Compile-time tests
1 Defining a test suite
with-examples
2 Checks mirroring Rack  Unit
check-eq?
check-not-eq?
check-eqv?
check-not-eqv?
check-equal?
check-not-equal?
check-=
check-pred
check-true
check-false
check-not-false
check-not-exn
check-regexp-match
check-match
8.18.0.18

Compile-time tests🔗ℹ

 (require examples) package: examples

This library allows writing compile-time unit tests, so that tests provide programmers with instant and prominent feedback similar to a type system. IDEs and editors such as DrRacket, Emacs, or VS Code should highlight test failures the same way they highlight other syntax errors.

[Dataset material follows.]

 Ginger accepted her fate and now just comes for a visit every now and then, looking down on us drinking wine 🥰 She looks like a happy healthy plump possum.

    1 Defining a test suite

    2 Checks mirroring RackUnit

1 Defining a test suite🔗ℹ

syntax

(with-examples (name:id ...) body ...)

(with-examples (name:id ...) #:timeout timeout:number body ...)
Opens a fresh compile-time test suite that can refer to the names from the enclosing module, even private helpers not meant to be provided publically.

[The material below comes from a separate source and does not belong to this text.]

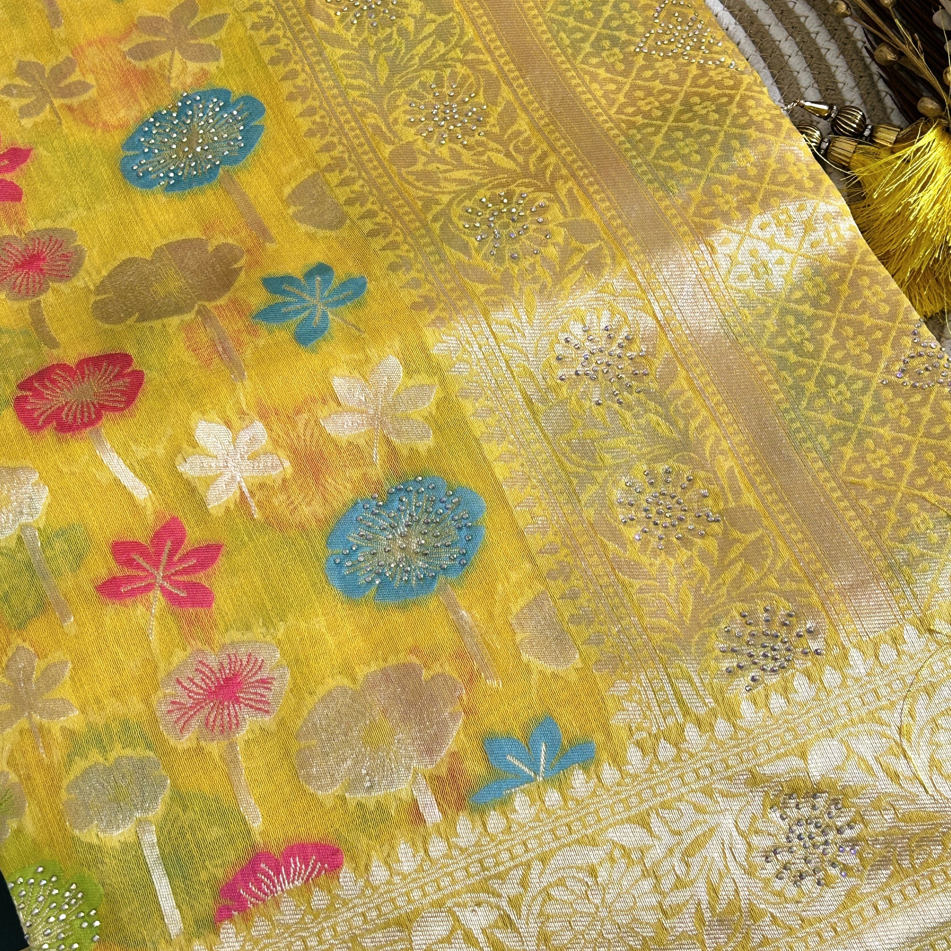 Linen Silk Saree with thread work zarcon detailing | yellow | Maguvaa Sarees

The (body ...) can run arbitrary code. Runtime errors and timeout within the body will be handled as syntax errors. The default timeout applied for each entire suite is one second, and can be customized with timeout as a positive real number.

For example, the following program raises a syntax error on the faulty factorial implementation, highlighting the first failing test case.
#lang racket/base
(require examples)
 
(define (factorial n)
  (if (< n 2) 1 (* n (- n 1))))
 
(with-examples (factorial)
  (check-equal? (factorial 0) (*))
  (check-equal? (factorial 1) (* 1))
  (check-equal? (factorial 2) (* 1 2))
  (check-equal? (factorial 3) (* 1 2 3))
  (check-equal? (factorial 4) (* 1 2 3 4)))

Note that while test suites can appear to "modify state", they are merely modifying their own instantiations "in a separate timeline". In the following example, each test suite observes its own version of the state, which is also distinct from the state initialized at runtime.

#lang racket/base
(require examples)
 
(define state (box 0))
 
(with-examples (state)
  (check-equal? (unbox state) 0)
  (set-box! state 1)
  (check-equal? (unbox state) 1))
 
(with-examples (state)
  (check-equal? (unbox state) 0)
  (set-box! state 2)
  (check-equal? (unbox state) 2))
 
(module+ main
  (printf "Init state: ~a~n" (unbox state)))

2 Checks mirroring RackUnit🔗ℹ

Compared to their counterparts from RackUnit, the checks are all macros instead of procedures. They have been reimplemented instead of a wrapping RackUnit’s utils, in order to provide fine-grained syntax error locations.

syntax

(check-eq? expr1 expr2)

Checks that expr1 is equal to expr2, using eq?.

syntax

(check-not-eq? expr1 expr2)

Checks that expr1 is not equal to expr2, using eq?.

syntax

(check-eqv? expr1 expr2)

Checks that expr1 is equal to expr2, using eqv?.

syntax

(check-not-eqv? expr1 expr2)

Checks that expr1 is not equal to expr2, using eqv?.

syntax

(check-equal? expr1 expr2)

Checks that expr1 is equal to expr2, using equal?.

syntax

(check-not-equal? expr1 expr2)

Checks that expr1 is not equal to expr2, using equal?.

syntax

(check-= expr1 expr2 epsilon)

Checks that expr2 and expr2 are numbers within epsilon of one another. It is also an error if expr1, expr2, or epsilon does not evaluate to a number.

syntax

(check-pred pred v)

Checks that pred returns a value that is not #f when applied to v. It is also an error if pred does not evaluate to a procedure that accepts one argument.

syntax

(check-true v)

Checks that v is #t.

syntax

(check-false v)

Checks that v is #f.

syntax

(check-not-false v)

Checks that v is not #f.

syntax

(check-not-exn thunk)

Checks that thunk does not raise any exception. It is also an error if thunk does not evaluate to a procedure that accepts zero argument.

syntax

(check-regexp-match regexp string)

Checks that regexp matches the string. It is also an error if regexp is does not evaluate to a value satisfying (or/c regexp? byte-regexp? string? bytes?), or string does not evaluate to a value satisfying (or/c string? bytes? path? input-port?).

syntax

(check-match expr pattern)

(check-match expr pattern guard)
Checks that value produced by expr matches against pattern as a match clause. If expression guard is provided, it is evaluated with the bindings from the matched pattern. If it produces a true value, the entire check succeeds, otherwise it fails.